Instructions for the task: Leave every image out, and return the rest of the data word for word.

Data below:
================================

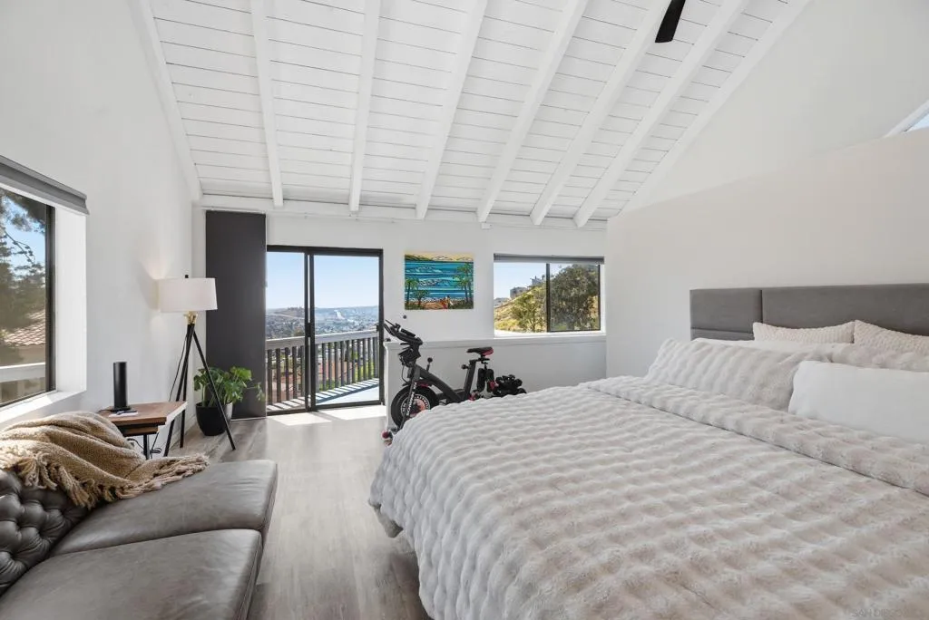 Perched high above Sweetwater Reservoir in the coveted Dictionary Hill neighborhood, this one-of-a-kind architectural retreat offers the rare feeling of living in your own private treehouse—where sweeping panoramic views stretch from the reservoir to the Pacific Ocean, and a cool ocean breeze flows year-round. Designed to impress, the dramatic living room showcases soaring 25-foot exposed beam ceilings, expansive two-story windows that flood the space with natural light, a stunning stone fireplace, and a private balcony perfectly positioned to capture the surrounding scenery. The renovated kitchen blends luxury with functionality, featuring sleek quartz countertops, soft-close cabinetry and pull-out drawers, an oversized center island with abundant storage and recessed lighting. High-end appliances include a Sub-Zero refrigerator, Viking wine fridge, Viking beverage fridge, and a newer Viking dishwasher - ideal for both everyday living and entertaining. The top floor is dedicated to an exceptional primary suite retreat, offering unmatched privacy and breathtaking views. Enjoy your 2 separate, private decks, skylights, custom California Closet system, and motorized shades—creating a serene escape above it all. Two additional spacious bedrooms on the main level each feature direct access to private decks, extending indoor-outdoor living throughout the home. See Supplement section for additional insight! Thoughtful upgrades elevate every corner, including fresh interior paint, modern lighting and hardware, ceiling fans throughout, custom solar shades, new stair railings, upgraded electrical for seamless TV mounting, and a striking Precision garage door. Additional enhancements include a whole-house PureAgain water filtration and alkaline system, Blink and Ring security system, new skylight, and drought-tolerant refreshed landscaping. Energy efficiency meets sustainability with 16 fully paid solar panels, keeping utility costs low while maximizing comfort. A rare opportunity to own a truly distinctive home that combines bold architectural design, modern luxury, and an unbeatable indoor-outdoor lifestyle—all just minutes from San Diego amenities. Move-in ready and eligible for FHA and VA financing. Come live the dream!
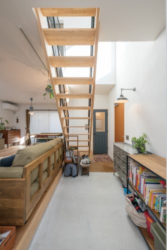 夫:小さくてもいいので土間は欲しいと思っていました。自分の趣味スペースとして、土間で日曜大工したりできたらいいなと。ただ、今は子供たちのスペースになってしまってますが…(笑)。あとは鉄骨階段ですね。
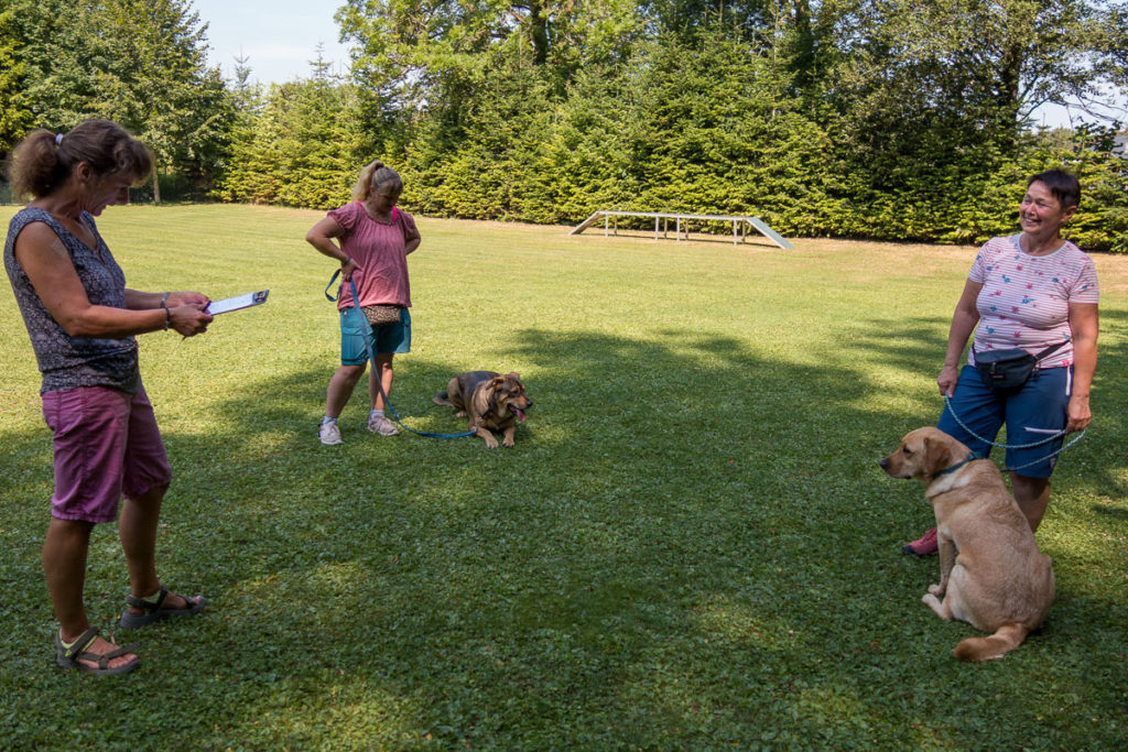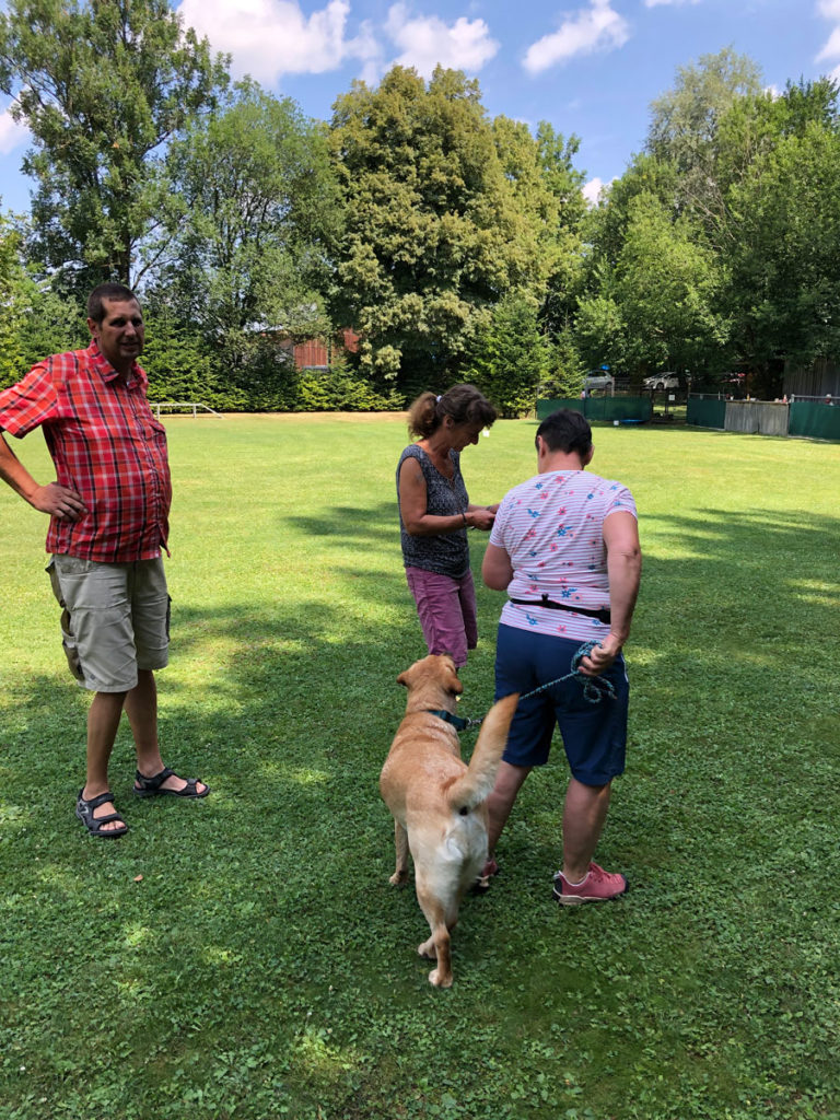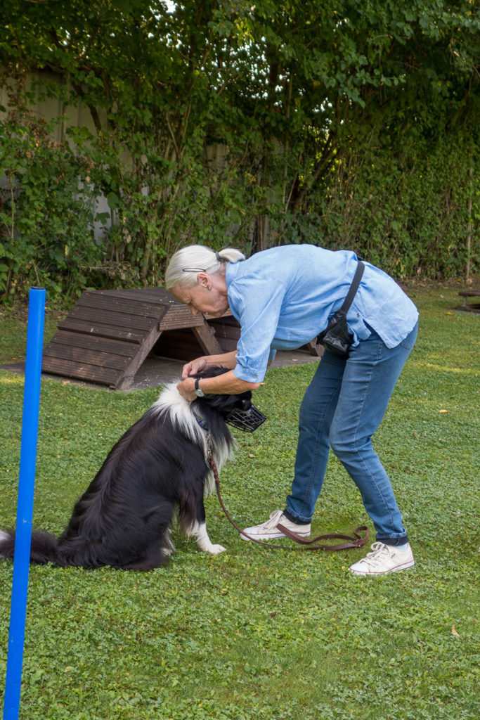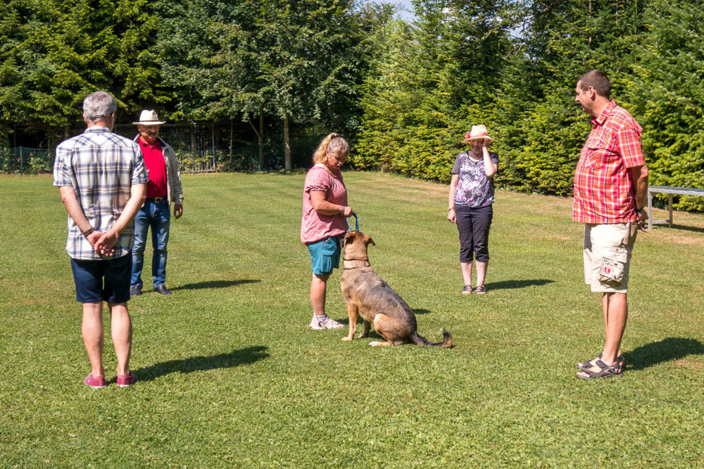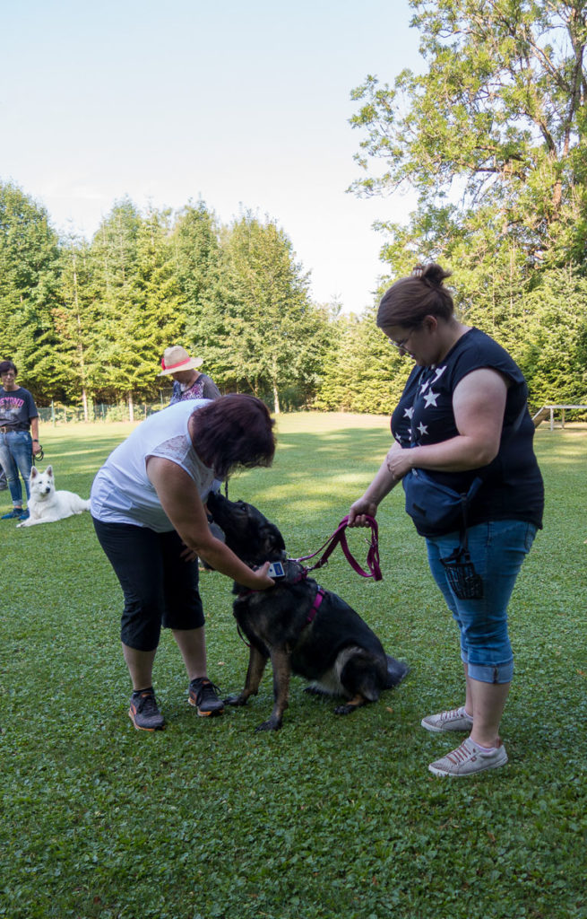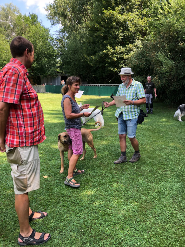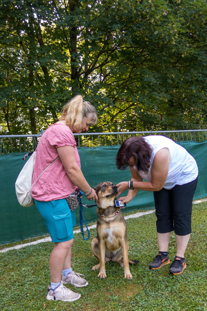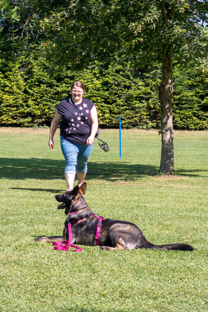 Punkt 9:30 Uhr gings dann auch schon los. Immer zwei Teams wurden auf den Platz gebeten und haben von der Trainerin Gitti die Anweisungen erhalten, die ausgeführt werden mussten. Von einem zuverlässigen Sitz und Platz inkl. Distanz zum Hundehalter, laufen an lockerer Leine, dem Anlegen eines Maulkorbs, auslesen des Chips, dem Abruf unter Ablenkung, dem Lauf durch eine Gruppe von Menschen sowie der Königsdisziplin: dem Impuls zu widerstehen, das leckere Katzenfutter von einem der drei platzierten Teller zu naschen und sich auf den direkten Weg zu Frauchen bzw. Herrchen zu machen.

================================

Solution:
 Perched high above Sweetwater Reservoir in the coveted Dictionary Hill neighborhood, this one-of-a-kind architectural retreat offers the rare feeling of living in your own private treehouse—where sweeping panoramic views stretch from the reservoir to the Pacific Ocean, and a cool ocean breeze flows year-round. Designed to impress, the dramatic living room showcases soaring 25-foot exposed beam ceilings, expansive two-story windows that flood the space with natural light, a stunning stone fireplace, and a private balcony perfectly positioned to capture the surrounding scenery. The renovated kitchen blends luxury with functionality, featuring sleek quartz countertops, soft-close cabinetry and pull-out drawers, an oversized center island with abundant storage and recessed lighting. High-end appliances include a Sub-Zero refrigerator, Viking wine fridge, Viking beverage fridge, and a newer Viking dishwasher - ideal for both everyday living and entertaining. The top floor is dedicated to an exceptional primary suite retreat, offering unmatched privacy and breathtaking views. Enjoy your 2 separate, private decks, skylights, custom California Closet system, and motorized shades—creating a serene escape above it all. Two additional spacious bedrooms on the main level each feature direct access to private decks, extending indoor-outdoor living throughout the home. See Supplement section for additional insight! Thoughtful upgrades elevate every corner, including fresh interior paint, modern lighting and hardware, ceiling fans throughout, custom solar shades, new stair railings, upgraded electrical for seamless TV mounting, and a striking Precision garage door. Additional enhancements include a whole-house PureAgain water filtration and alkaline system, Blink and Ring security system, new skylight, and drought-tolerant refreshed landscaping. Energy efficiency meets sustainability with 16 fully paid solar panels, keeping utility costs low while maximizing comfort. A rare opportunity to own a truly distinctive home that combines bold architectural design, modern luxury, and an unbeatable indoor-outdoor lifestyle—all just minutes from San Diego amenities. Move-in ready and eligible for FHA and VA financing. Come live the dream!
 夫:小さくてもいいので土間は欲しいと思っていました。自分の趣味スペースとして、土間で日曜大工したりできたらいいなと。ただ、今は子供たちのスペースになってしまってますが…(笑)。あとは鉄骨階段ですね。
 Punkt 9:30 Uhr gings dann auch schon los. Immer zwei Teams wurden auf den Platz gebeten und haben von der Trainerin Gitti die Anweisungen erhalten, die ausgeführt werden mussten. Von einem zuverlässigen Sitz und Platz inkl. Distanz zum Hundehalter, laufen an lockerer Leine, dem Anlegen eines Maulkorbs, auslesen des Chips, dem Abruf unter Ablenkung, dem Lauf durch eine Gruppe von Menschen sowie der Königsdisziplin: dem Impuls zu widerstehen, das leckere Katzenfutter von einem der drei platzierten Teller zu naschen und sich auf den direkten Weg zu Frauchen bzw. Herrchen zu machen.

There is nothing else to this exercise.